America’s romance with guns has less to do with history than and advertising and political machinations, and it is killing more people than most in the Unites States understand. In 2014 alone, there have been 294 mass shootings as of October 1 – the 274th day of the year. Gun violence has claimed about 50 shy of 10 thousand lives and injured 20 thousand or more, and are tabbed as being the cause of death in 60 percent of all homicides. It is possible that deaths and injuries are under-reported, all studies on gun violence were defunded by Congress in 1996 with a simple insertion of a sentence into the appropriations bill that finances the CDC.

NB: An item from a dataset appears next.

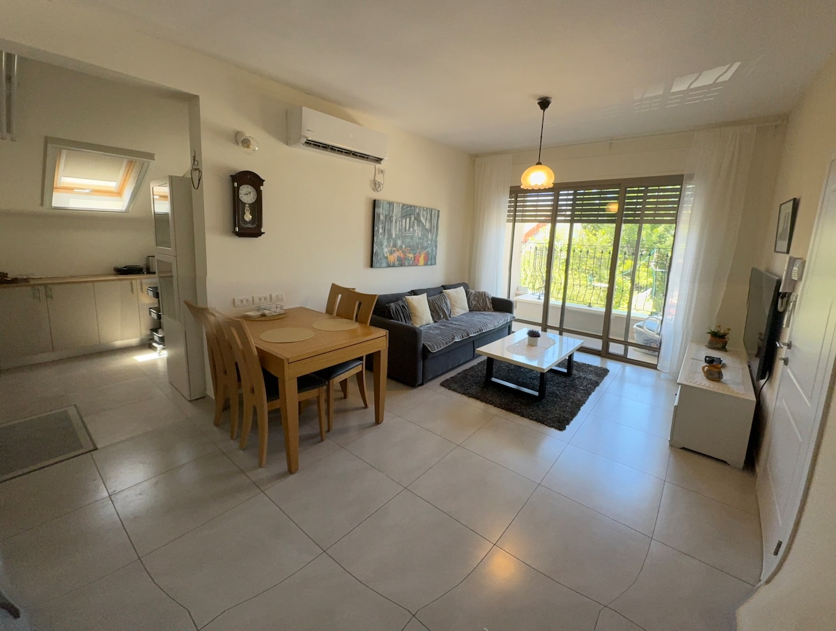 New and cosy 3 rooms upper unit. The unit contains a living room with a sofa, t.v and dining table. The kitchen is fully equipped. The main bedrooms has a dabble bad and closets. The second bedroom contains a single bad which opens. The working area is located in the second bedroom. The unit has two beautiful balconies. All rooms are air conditioned. The unit is beautifully designed and perfect for a vacation, business trip etc.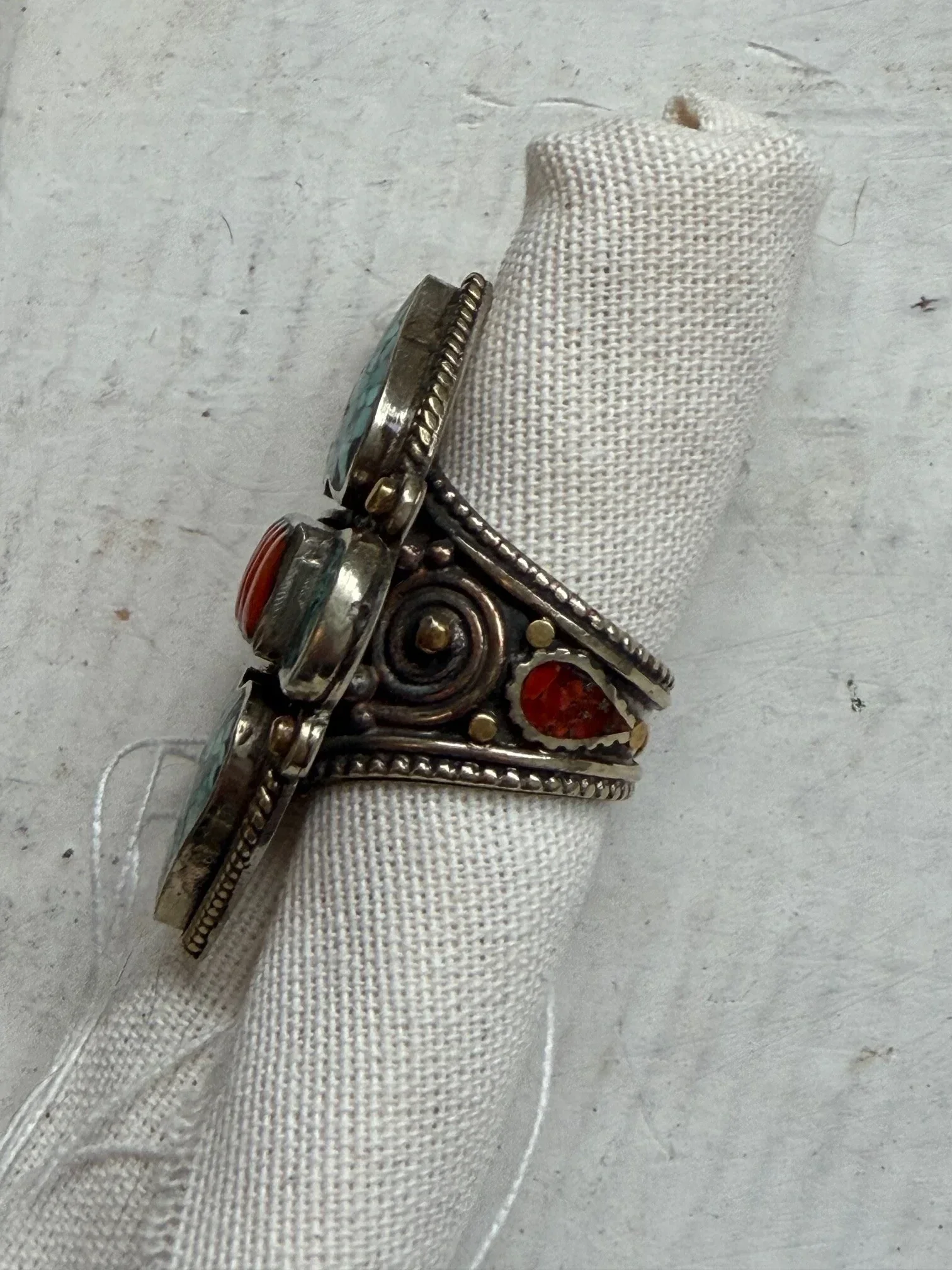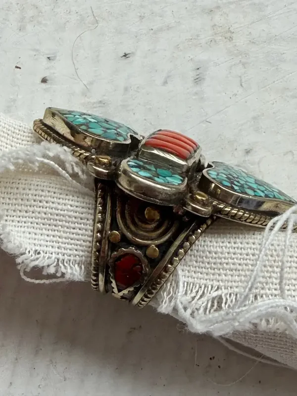 Deze grote ring heeft een uitgesproken etnische uitstraling en is een echte eyecatcher. De combinatie van turquoise mozaïek en warm koraal geeft het sieraad een krachtig, bijna tribal karakter.

“None of the funds made available for injury prevention and control at the Centers for Disease Control and Prevention may be used to advocate or promote gun control.” Though the author of that sentence – Republican Jay Dickey of Arkansas – disclaims that the intent of his eponymous amendment was to squelch research, and has regrets about effects that he now says were entirely unintended. The amendment was applied by Congress to funding for the NIH in 2011, and the GOP in the aftermath of the Charleston church shootings upheld the Dickey Amendment on the grounds that a gun is not a disease, no matter if the bodies are stacking up like cordwood.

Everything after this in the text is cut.